MetaTrader and Python integration

NQuotes is designed to integrate MetaTrader with .NET platform. This platform is language independent, which gives you as a developer a larger choice of languages than a single MQL. Python is one of the most popular languages, so why not try it?

NQuotes contains a sample of an expert advisor for MT4 in Python, or more specifically - in IronPython, which is an advanced Python implementation for .NET platform. It has some peculiarities, but most of the time you can expect that your Python code works the same way. The Python standard library and a lot of 3rd party libraries are available to use as well.

How to try the sample?

Prerequisites:

After you install NQuotes, the PyMovingAverage sample is located in "%TERMINAL_DATA_PATH%\MQL4\Projects\nquotes\PyMovingAverage" folder.

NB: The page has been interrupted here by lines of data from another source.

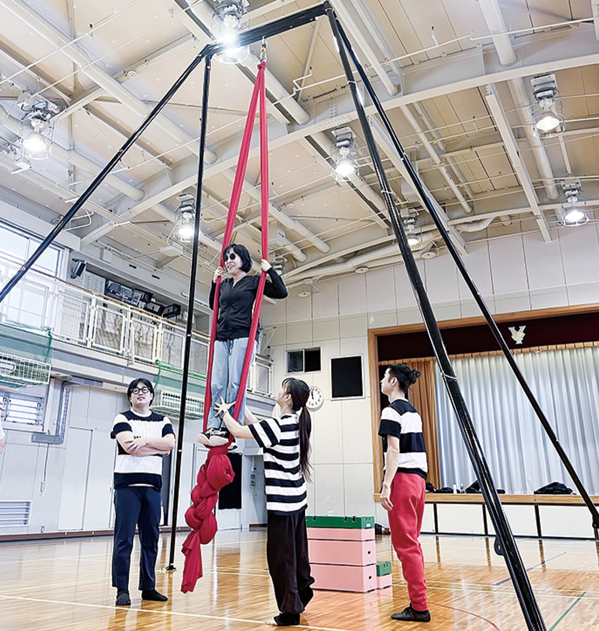指導を担当したのは、認定NPO法人スローレーベルのメンバー。スローレーベルは、同事業団が運営する障害者スポーツ文化センターラポール上大岡などで、障害の有無に関わらず誰もが楽しめるサーカスの公演や体験教室を行っている。エアリアルは、4本の支柱で約2mほどの高さから吊るされたティシューと呼ばれる布にぶら下がり、旋回や回転などの技を行うもの。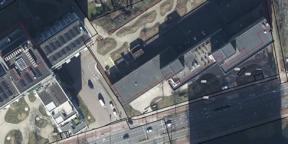 Velperweg 49-55 is gelegen op kadastraal perceel AHM01R8510. Deze kadastrale aanduiding is uniek en wordt gebruikt door het Kadaster om eigendomsrechten en andere zakelijke rechten vast te leggen. Het perceel maakt onderdeel uit van de kadastrale gemeente Arnhem.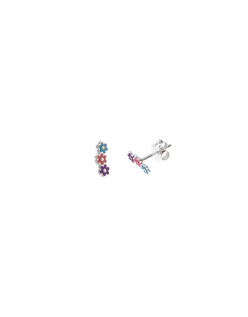 PENDIENTE SALVATORE 266A0038 PLATA RODIO TRES FLORES ESMALTE AZUL Y ROSA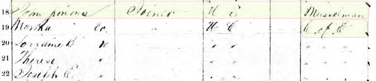 The frequently cited figure of thirteen Muslims in the 1871 census appears to have a partial basis in the record. Twelve individuals can be provisionally identified: ten members of the Love household (Fig. 4) and John and Martha Simons (Fig. 6).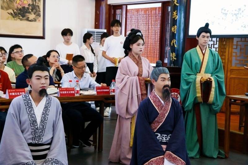 读书会上,同学们依次饱含激情地进行了哲学诗歌朗诵、《论语•公西华侍坐章》话剧表演和《大学》诗歌选段朗诵。在哲学经典阅读分享环节,五位专家讲述了他们对于哲学经典阅读的理解与心得。在听众交流发言环节,同学们就经典研读中的困惑和思考与在场专家们进行深入交流。

  1. Open "PyMovingAverage.sln" and build it. It assumes that IronPython is installed at "c:\Program Files\IronPython 2.7", so if you have a different installation path, please fix the DLL references. The required DLLs are located in "Platforms\Net40" subdirectory of the installation folder.
  2. Start debugging (F5).
  3. Open MT4 terminal and run "nquotes" expert advisor. You can run it in the Strategy Tester with "Open prices only" model and a date period.

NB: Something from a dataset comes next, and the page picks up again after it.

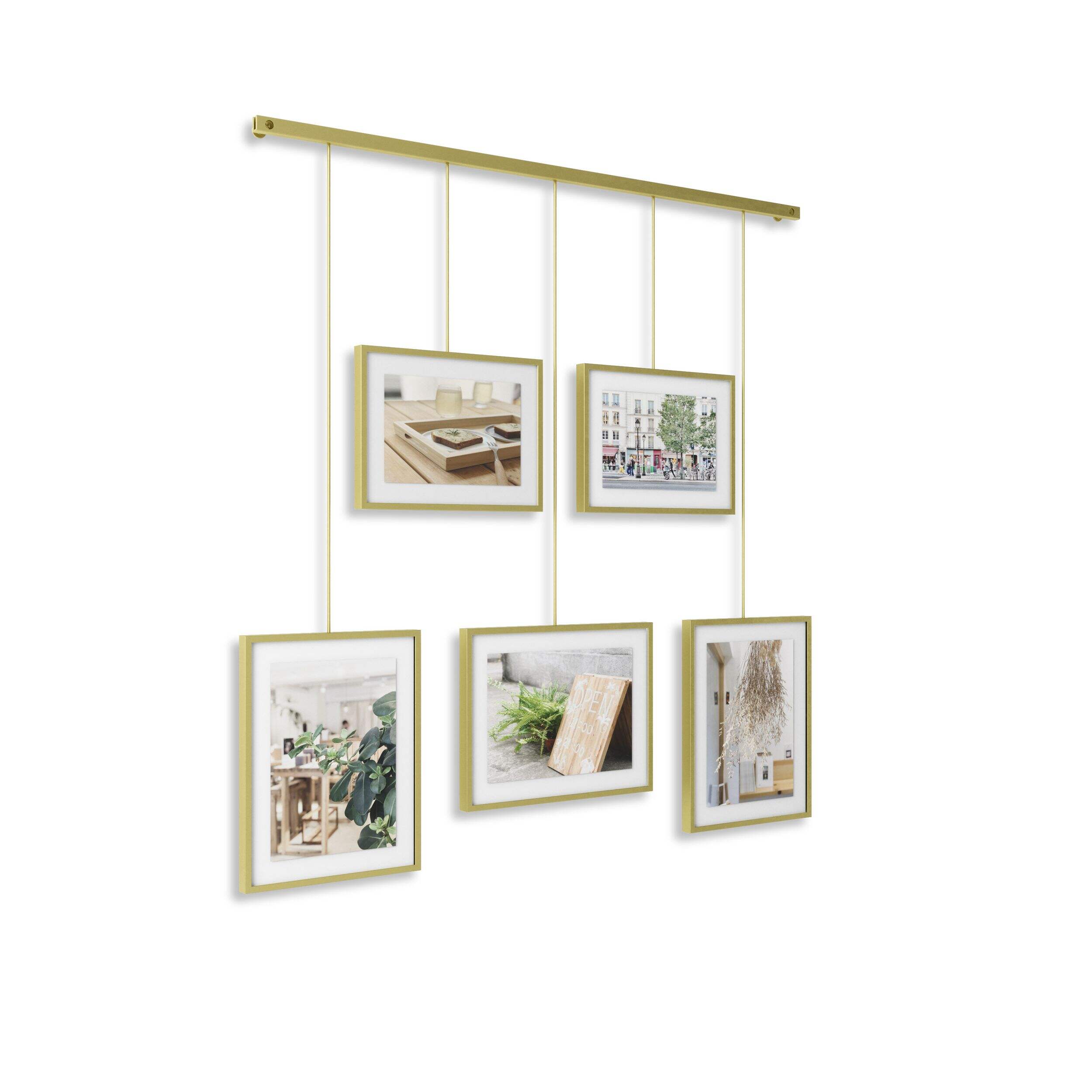 Umbra Exhibit 5-Frame Photo Display features a wall-mounted brushed metal ledge with clips and brackets to hold five gallery-style picture frames of various sizes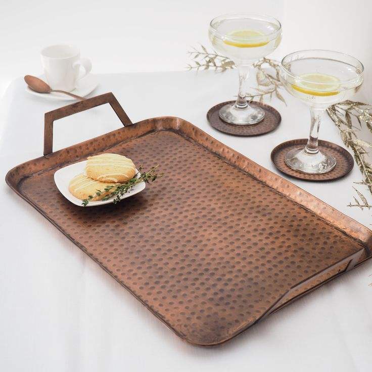 ถาดเสิร์ฟโลหะออกแบบด้วยค้อนที่หรูหราและทนทานของตกแต่งบ้านที่ทันสมัยสำหรับเสิร์ฟเครื่องดื่มและของว่าง

Description of the Python and MetaTrader integration sample

IronPython can't build "CLS-compliant" assemblies so far, so it needs to be hosted in a C# application. The hosting code is a "PyMovingAverage.cs" class. This class has several tasks:

  • finds the .py module file (it adds the DLL directory to sys.path so that the module is found)
  • creates an expert advisor object and wires it with the API calls
  • adds required DLL references so that you don't have to deal with it
  • handles exceptions

The expert advisor is a "MovingAverage.py" class, which is converted to Python from a MT4 sample "Moving Average.mq4" (see "%TERMINAL_DATA_PATH%\MQL4\Experts"). This code is very close to what you would normally have if you used C# to create a EA. It's very similar to the MQL counterpart with a few differences. The main difference is scoping. We don't want to pollute the global scope, so we always to have to specify the scope (which is a common thing to do in Python):

  • all code is inside a class, therefore methods and properties must be accessed through "self." prefix
  • static constants declared in the class must be accessed through "MovingAverage." prefix (the class name)
  • MQL functions must be called with "mql." prefix (which is an alias to "self.api.")
  • MQL constants must be accessed through "C." prefix

Tips for using IronPython with NQuotes

Building your EA as a DLL and obfuscation

There's a tool "pyc.py" in "Tools/Scripts" folder that can compile Python files into DLLs. Using this tool you can build your EA module as a DLL, which must be added to your C# code using a call to _engine.Runtime.LoadAssembly(). Later on you can use obfuscation software to obfuscate it providing additional security for your solution.

If everything is built from sources, you don't need to have IronPython installed on the machine, you just need all DLLs with their dependencies to be in ExpertsDirPath.

Standard library

IronPython contains a standard library implementation, but it needs to be located, otherwise you will get some "ImportError: No module named x" errors. The simplest option is to add it to sys.path like this:
import sys
sys.path.append(r'c:\Program Files\IronPython 2.7\Lib')

Another option is to set it in the IRONPYTHONPATH environment variable.

This works fine for development. For release builds you might not want to ask clients to install IronPython, therefore you'll need to copy all your dependencies into the build output folder or build them as a DLL (see for example IronPython: EXE compiled using pyc.py cannot import module "os").